All the lines must be ended by a standard Unix end of line character ('\n');

Multiple "o" lines
Although the solver can output a new "o" line every time it finds a better solution, there is no score associated with doing so. Only one "s" line is allowed and all "v" lines are merged, hence only one truth assignment can be specified. Therefore, the intermediate "o" lines cannot be verified by information in the output and will be ignored in the evaluation. Only the last "o" line will be used (and it must match the data specified in the "v" line).

Example

c --------------------------
c My MaxSAT Solver
c --------------------------
o 143
s OPTIMUM FOUND
v -1 2 3 -4 -5 6 -7 8 9 10 -11 -12 13 -14 -15 16 -17 18 19 20

Note: Consider changes to the v-line for a more compressed certificate. Details are available in the v-line section. These changes are optional for this year but can have reduce time for printing and will significantly reduce log sizes.

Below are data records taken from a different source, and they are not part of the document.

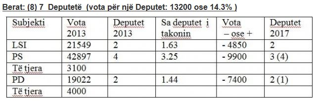 Berat: (8) 7 Deputetë (vota për një Deputet: 13200 ose 14.3% )
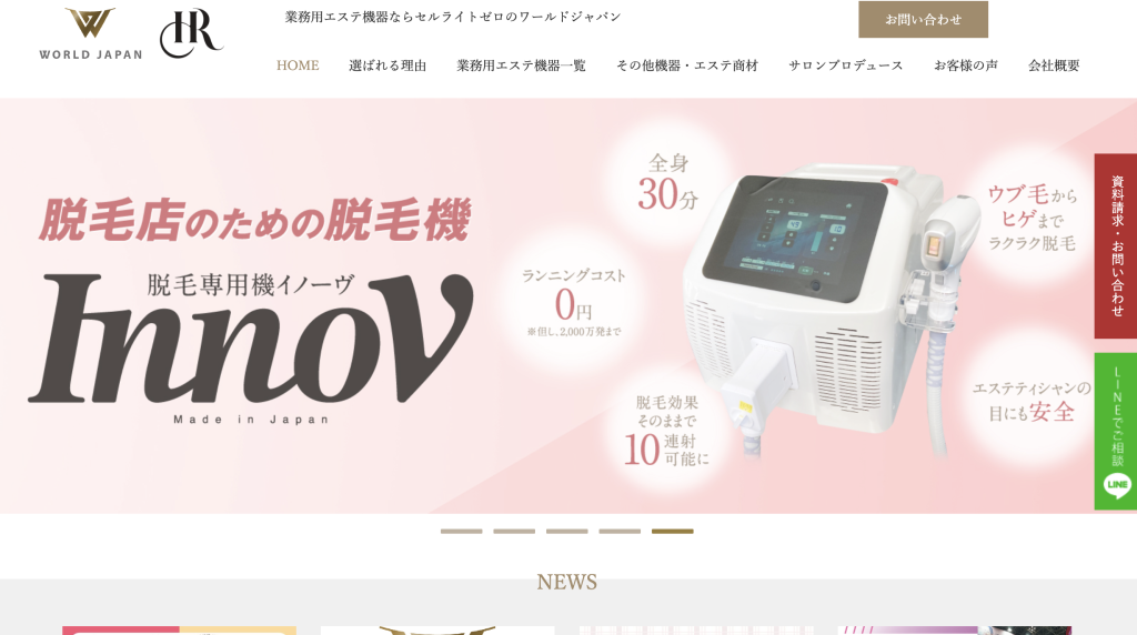 ワールドジャパンも、同じく国内大手の美容機器メーカー。特に注目を集めているInnovは次世代型LED脱毛機として近年リリースされました。
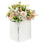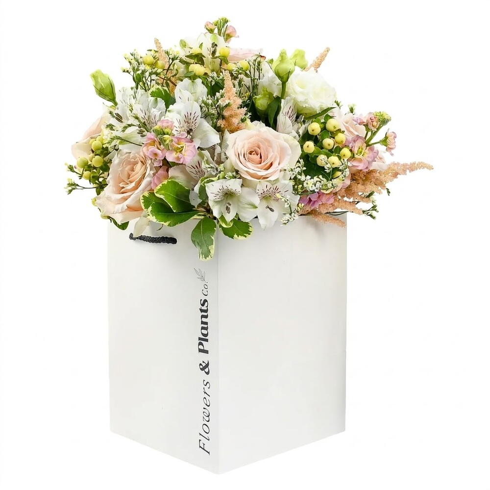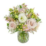 A wild and wonderful arrangement featuring our favourite roses, lisianthus, alstroemeria, hypericum fresh foliage.
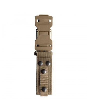 K příslušenství nože dále patří samosvorná plastová pochva, úzký a široký nylonový popruh s druky a plastová montážní destička se zajišťovací vidlicí. Nůž lze nosit třemi způsoby:
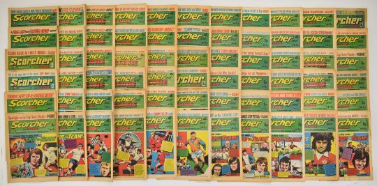 Approximately three hundred issues of Scorcher and Score comic, with long consecutive runs through the 1970's, IPC Magazines Ltd.
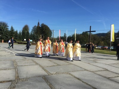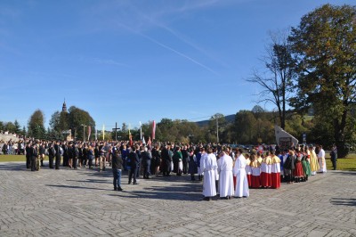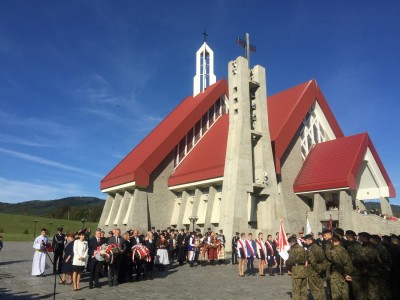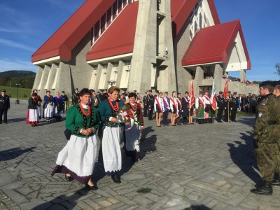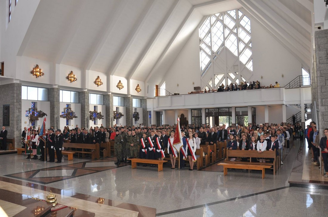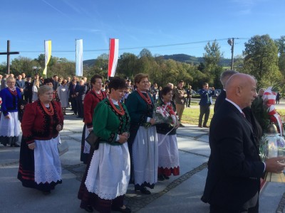 Ta patriotyczna uroczystość rozpoczęła się o godz. 14:00 Mszą Świętą sprawowaną pod przewodnictwem ks. prałata Wiesława Piotrowskiego – dziekana dekanatu limanowskiego. Poczty sztandarowe: szkoły, OSP i Rady Powiatowej NSZZ Rolników Indywidualnych Solidarność, społeczność szkolna, zespół regionalny „Mali Męcinianie”, orkiestra dęta, członkowie Związku Strzeleckiego „Strzelec” oraz licznie zgromadzeni wierni wraz z przedstawicielami władz w modlitewnym skupieniu dziękowali Bogu za niepodległą Polskę. Wielką wartość wolności oraz bohaterstwo tych męcinian, którzy oddali życie w jej obronie, przypomniał w swojej homilii ks. proboszcz Antoni Piś.

Special Track on Incremental MaxSAT

Solvers participating in the incremental track perform their I/O via the IPAMIR interface, and are required to implement a subset of functions from this generic interface. See details here.

Benchmarks

  • The benchmark sets used in the evaluation will consists of both instances appearing in the earlier MaxSAT evaluation benchmark sets as well as new unseen benchmarks.
  • The set of benchmarks used in the evaluation will be revealed only after the results from the evaluation are presented at the SAT 2022 conference
  • The number of benchmarks used in the evaluation is not predetermined.
  • The benchmark selection procedures used consists of two steps. 1. The organizers will divide accessible benchmarks into buckets consisting of "similar" benchmark instances (e.g., originating from the same or similar problem domain). 2. Benchmarks will be drawn randomly one-by-one from each of the buckets, so that a balanced number of benchmarks over the buckets is obtained.